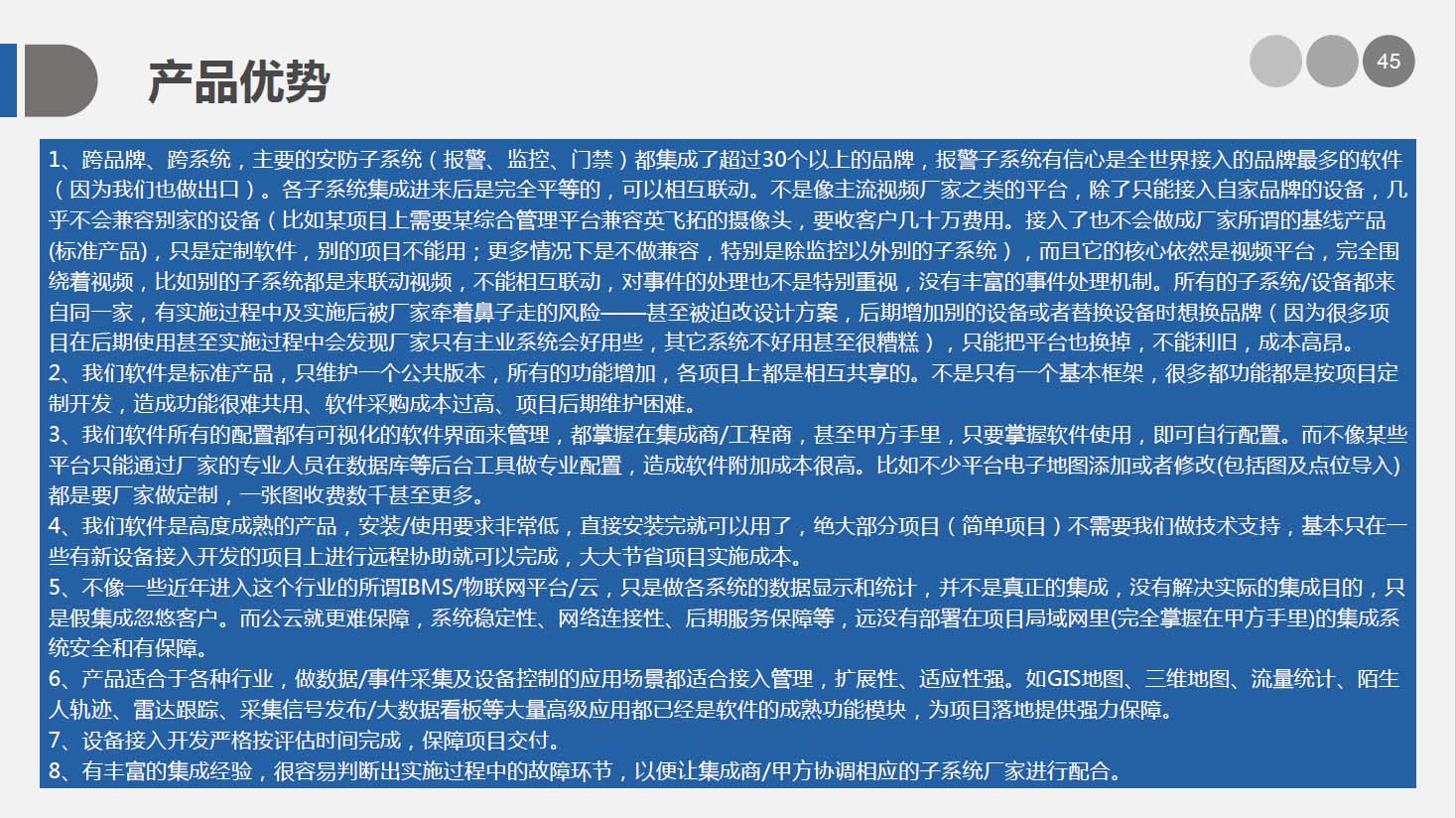 安防智能化集成平台是我司自主研发的,基于PSIM(综合物理信息安全系统) 开发的综合管理平台,实现对安防各子系统的集中控制、统一调度、联动操作及管理。并能与各行业业务系统对接,本身也具备通用业务管理功能。
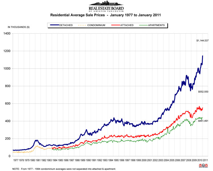 Attached property sales in January 2011 totalled 313, a decline of 4.3 percent compared to the 327 sales in January 2010, and a 187.2 percent increase from the 109 attached properties sold in January 2009. The benchmark price of an attached unit increased 2.6 percent between January 2010 and 2011 to $495,140.
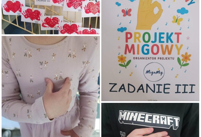 Dzieci z grupy Jagódki w lutym i marcu zrealizowały kolejne zadania w ramach Ogólnorozwojowego Projektu Migowego. Potrafią już zamigać znaki KOCHAM, LUBIĘ i SERCE a także DZIĘKUJĘ, PRZEPRASZAM i PROSZĘ. Znaki utrwalalismy poprzez wierszyk i piosenkę, wykonaliśmy również pracę plastyczną – przy sercu dzieci odbiły swoje dłonie. Nie zabrakło rozmowy […]
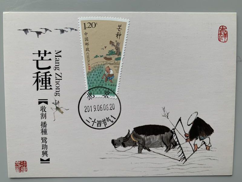 芒种字面的意思是“有芒的麦子快收,有芒的稻子可种”,芒种还带有祈福祝愿之意,今年的芒种就在6月6日,为满足广大集邮爱好者的收藏需求,北京西城区邮电局地安门支局在端午节前夕推出了二十四节气之“芒种”专题邮资机宣传戳。
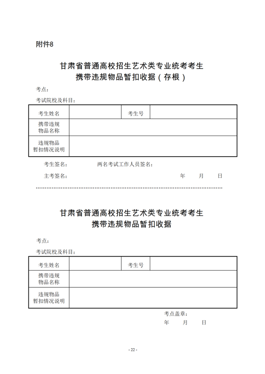 8.甘肅省普通高校招生藝術類專業(yè)統(tǒng)考考生攜帶違規(guī)物品暫扣收據(jù)
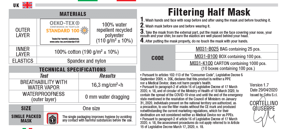 The mask is equipped with elastics around the head, providing a good adherence to the face. The mask is neither a PPE, nor a medical device but it is intended for people that have to respect all instructions about safe distance and all necessary precautionary rules imposed by COVID-19 emergency.
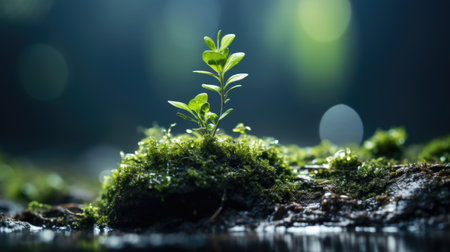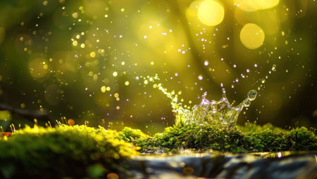 Splashing water on green moss in a serene forest setting, illuminated by warm sunlight and soft bokeh effects
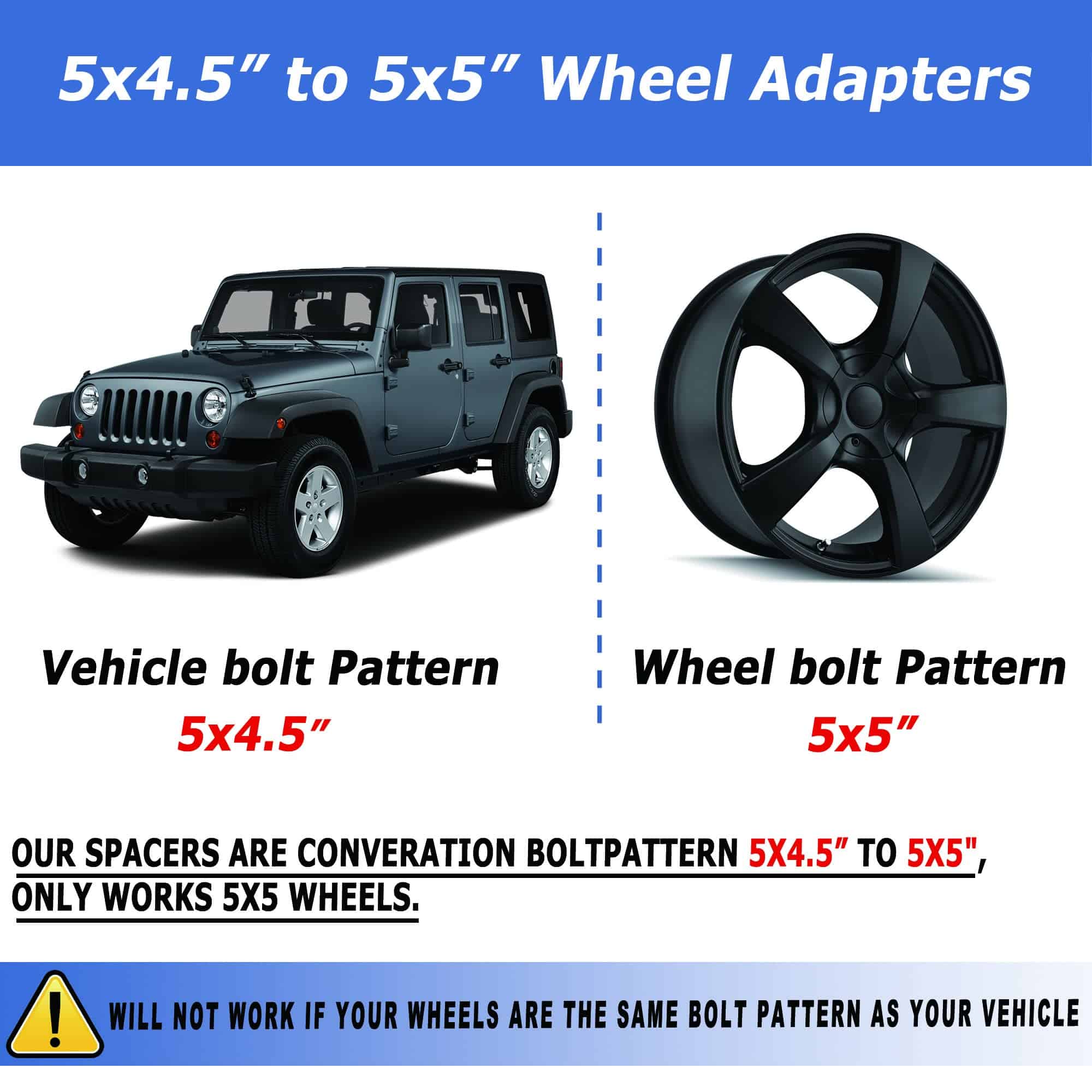 Este adaptador es un Adaptador de Conversión, solo se ajusta al cambiar sus ruedas de fábrica de 5×4.5 a ruedas de 5×5 de postventa

** REQUIRED WORK **
Retype word for word the span of lines above that begins with the line containing "8.甘肅省普通高校招生藝術類" and ends with the last line of the records; skip all pictures.

** RESULT OF THIS TASK **
 8.甘肅省普通高校招生藝術類專業(yè)統(tǒng)考考生攜帶違規(guī)物品暫扣收據(jù)
 The mask is equipped with elastics around the head, providing a good adherence to the face. The mask is neither a PPE, nor a medical device but it is intended for people that have to respect all instructions about safe distance and all necessary precautionary rules imposed by COVID-19 emergency.
 Splashing water on green moss in a serene forest setting, illuminated by warm sunlight and soft bokeh effects
 Este adaptador es un Adaptador de Conversión, solo se ajusta al cambiar sus ruedas de fábrica de 5×4.5 a ruedas de 5×5 de postventa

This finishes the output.